Section 5: Core target screening, PPI network construction and GO/KEGG enrichment (Table results S6/S7/S8/S9)

The core DEHP-related gastric cancer targets were obtained by intersecting compound target genes (S1) and disease key genes (S5), and the final core target set was saved asS6 Intersection_Compound_Disease_Genes. Core overlapping genes were imported into the STRING database (species: Homo sapiens) to construct a protein-protein interaction network with a minimum interaction score of 0.15, and all interaction relationships were exported as S7 PPI. For functional enrichment analysis, Gene Ontology (GO) enrichment was performed using the DAVID database, and Kyoto Encyclopedia of Genes and Genomes (KEGG) pathway enrichment was implemented via the clusterProfiler package. Significant GO terms and KEGG pathways were filtered and summarized into S9 GO and S8 KEGG, respectively.

Section 6: Machine learning model construction and feature evaluation (Table results S12/S13/S15/S16)

Multiple machine learning algorithms including glmBoost, Elastic Net, Random Forest and XGBoost were applied to establish diagnostic models based on the core candidate genes. All models were trained and optimized using k‑fold cross‑validation to avoid overfitting. The optimal model with the highest AUC performance in the validation cohort was selected. The final modeling feature genes were summarized in S12 model.genes. Model regression coefficients and corresponding confidence intervals were recorded in S13 Model_Coefficients_With_CI. Feature permutation importance analysis was performed to evaluate the predictive contribution of each gene, and the results were saved asS15 feature_permutation_importance. ROC analysis was conducted in both training and validation cohorts, and all AUC values and model performance results were summarized into S16 model_auc_summary.

Section 7: SHAP model interpretability analysis (Table results S17/S18/S19)

To interpret the predictive mechanism of the optimal machine learning model, SHAP analysis was performed to quantify the contribution of each core gene. Individual feature importance, grouped feature importance, and top-ranked key biomarker genes were calculated systematically.
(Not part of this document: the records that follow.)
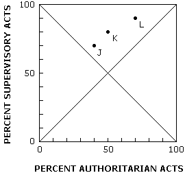 Suppose, finally, that the professor matches on both first and second test. Now, he is reduced to comparing Class 1 student F to Class 2 student I. The more variables we match on, we have already seen, the more is subject loss pushed to unacceptable levels. But on top of that, even if he did match on both tests, regression would still be producing undermatching on aptitude. We can now imagine that a third aptitude test was given along with the other two. If it had, then students F and I who were matched on two of the tests would still regress toward their respective means on the third test, and still come out undermatched. This we will have to take without demonstration, as three-variable cases are awkward to diagram.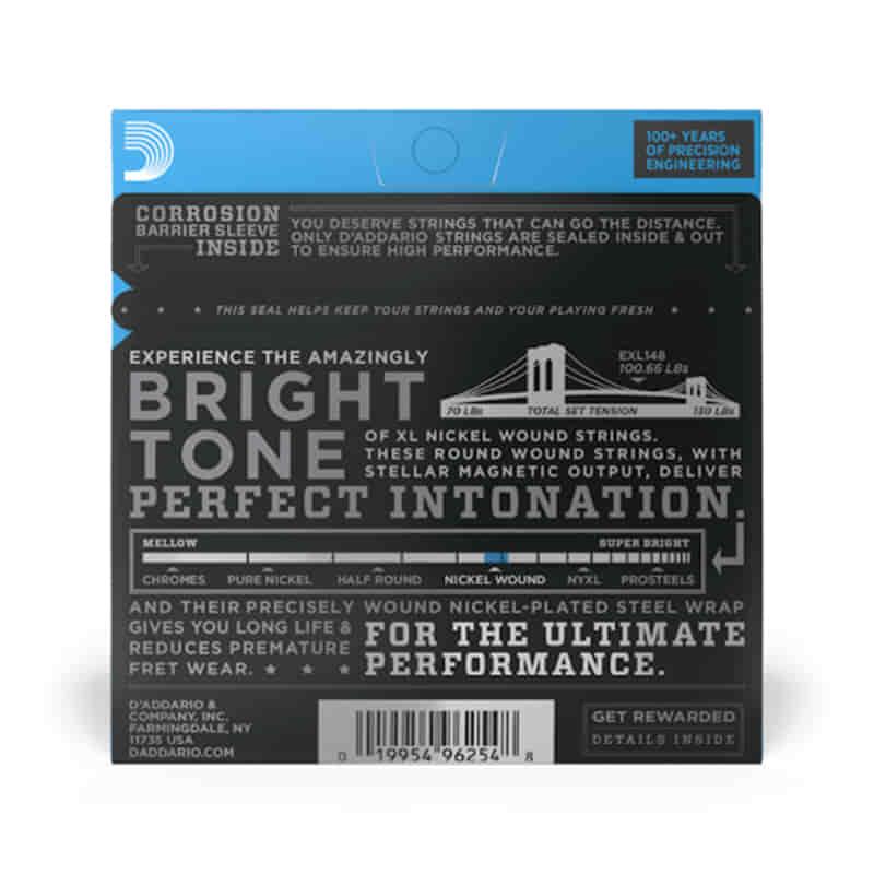 EXL148 is an extreme hybrid set that is optimally suited for down-tuning guitars to D, and will also appeal to guitarists who prefer thicker strings.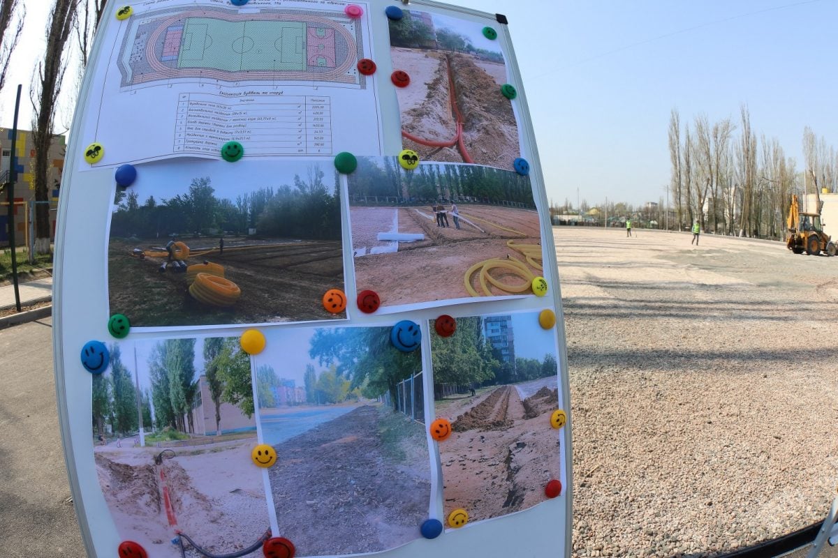 На сьогодні тут завершені підготовчі роботи: облаштована дренажна система з водовідведенням, встановлені опори під зовнішнє освітлення та огорожу. Також заасфальтовані бігові доріжки, підготовлені майданчики для баскетболу / волейболу і тенісного корту.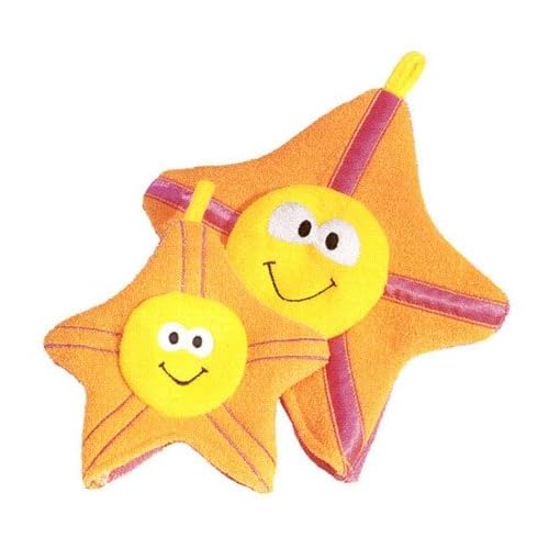 Lamaze Starfish Bath Mitts: This product includes loads of fun! Make bathtime special with Mama and Baby Bath Mitts. Two bath mitts come together, one sized for mom's hand...the other for baby's. The adorable characters make it un for mom and baby to wash and play pretend. Each mitt is made out of a fast-drying terry cloth and has an attached loop to hang dry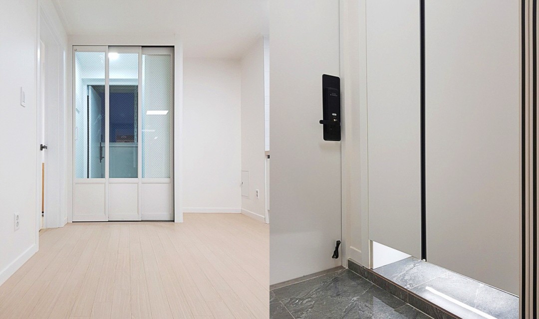 #심플 #모던 #트렌디 #중문시공 #3중연동 #타일시공 #폴리싱타일 #강마루시공 #실크도배 #필름시공 #20평 #아파트인테리어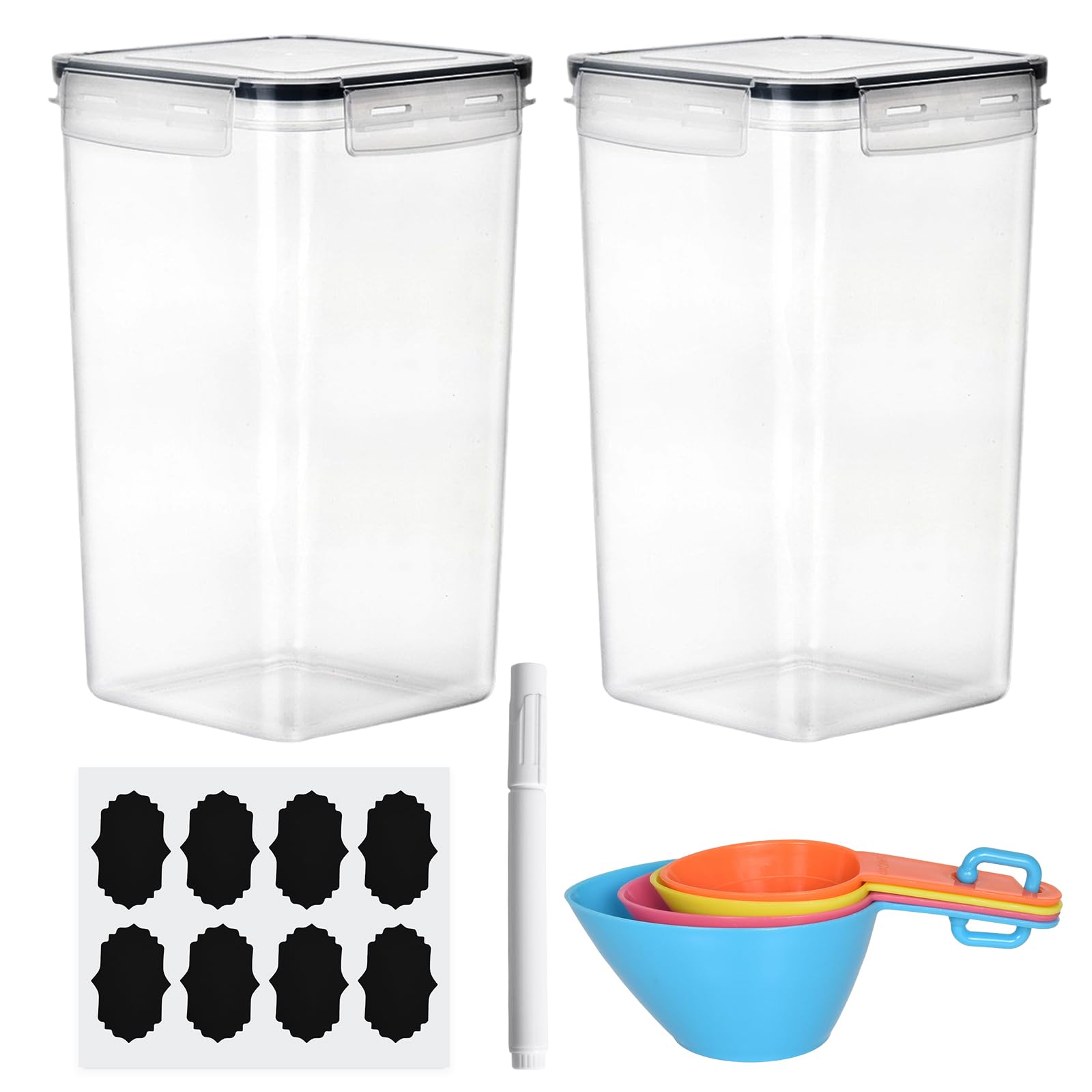 Mann, diese Vorratsdosen sind so praktisch! Du kriegst drei Stück, jeweils 2,5 Liter - das reicht für etwa 1 kg Mehl, Reis, Getreide oder was du sonst so trocken lagern willst. Die Dosen sind komplett luftdicht - mit diesem Vier-Seiten-Verschluss und Silikondichtung. Da kommt keine Feuchtigkeit rein und keine Motten oder so was. Das Beste: Sie sind aus lebensmittelechtem, durchsichtigem Kunststoff. Siehst also sofort, was drin ist und wie viel noch da ist. Inklusive sind Etiketten und Messlöffel - super zum Abmessen beim Backen! Die Dosen sind spülmaschinenfest (obere Ablage!) und stapelbar, sparen also Platz. Du kannst die nicht nur für Lebensmittel nehmen, sondern auch als Futterdose für deine Katze oder deinen Hund. Einfach den Deckel draufdrücken - er schnappt fest zu. So bleiben deine Vorräte ewig frisch und du hast immer Ordnung in der Küche. Einfach genial!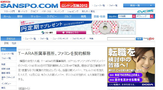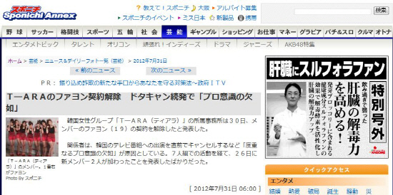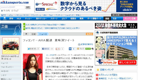 일본 언론들도 티아라 멤버 화영의 계약 해지 사태에 높은 관심을 드러냈다.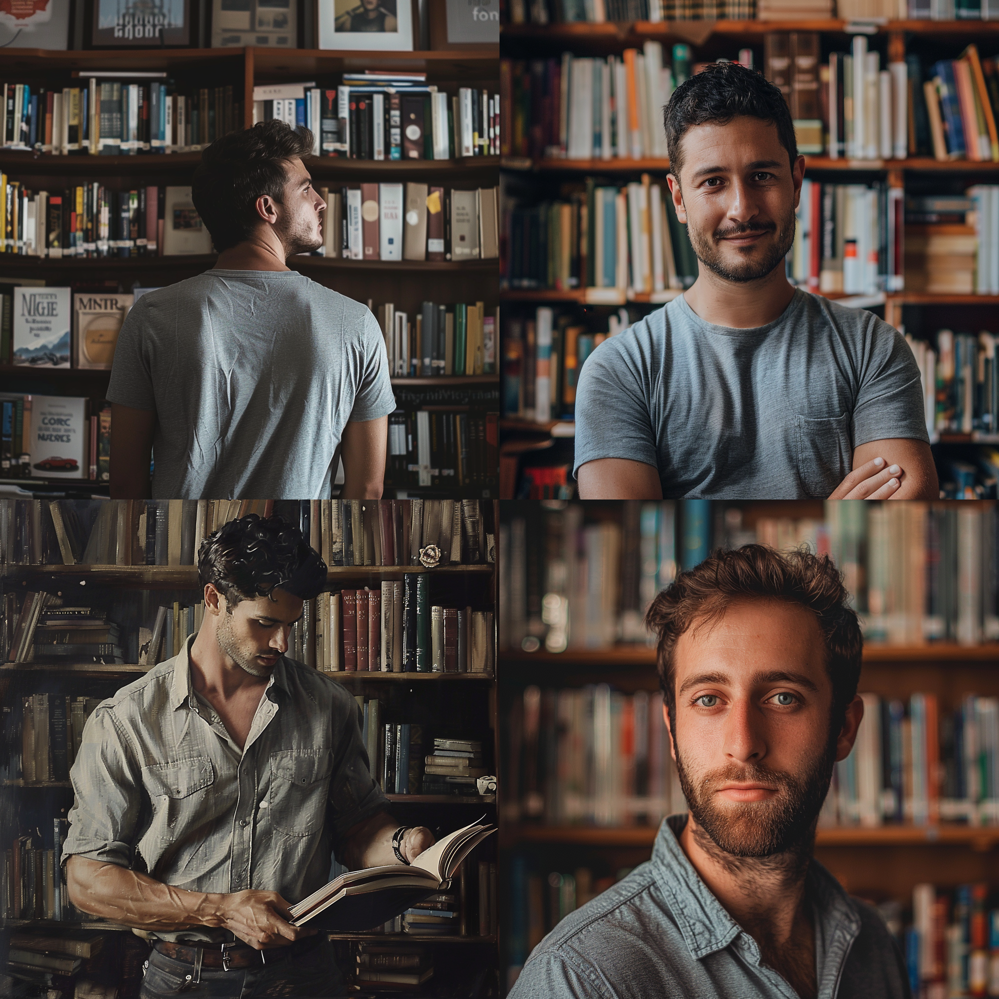 A man in grey shirt and a book shelf --seed 3504153699 --ar 1:1 --v 6 | 2024-03-17T11:27:42Z | |

The quantitative SHAP results were exported asS17 shap_feature_importance, S18 shap_groupwise_importance, and S19 shap_top_genes, respectively.

Section 8: Molecular docking and molecular dynamics simulation (Molecular docking and molecular dynamics simulation)

For molecular docking verification, target protein crystal structures were downloaded from the PDB database and pretreated to remove water molecules, heteroatoms and redundant ligands, followed by hydrogen addition and charge assignment. Small-molecule ligand structures were obtained from PubChem and optimized for energy minimization. AutoDock Vina was used to perform molecular docking with a unified grid-box setting and standard docking parameters. The optimal binding conformation with the lowest binding energy was selected for subsequent analysis. All docking parameter files and binding energy results are provided in the attached simulation folder. For molecular dynamics simulation, the optimal docking complex was used as the initial structure for 200 ns all-atom MD simulation via GROMACS. The CHARMM36 force field and TIP3P water model were applied. The system was solvated, neutralized, energy-minimized, and equilibrated through NVT and NPT ensemble simulations. Structural stability indicators including RMSD, RMSF, Rg, SASA and hydrogen bond occupancy were calculated. Principal component analysis and free energy surface analysis were performed to evaluate global protein conformational changes. MM-PBSA binding free energy calculation was conducted to quantify the binding affinity. All simulation parameter files, topology files, MD configuration files and analytical result data are provided in the uploaded simulation attachment folder.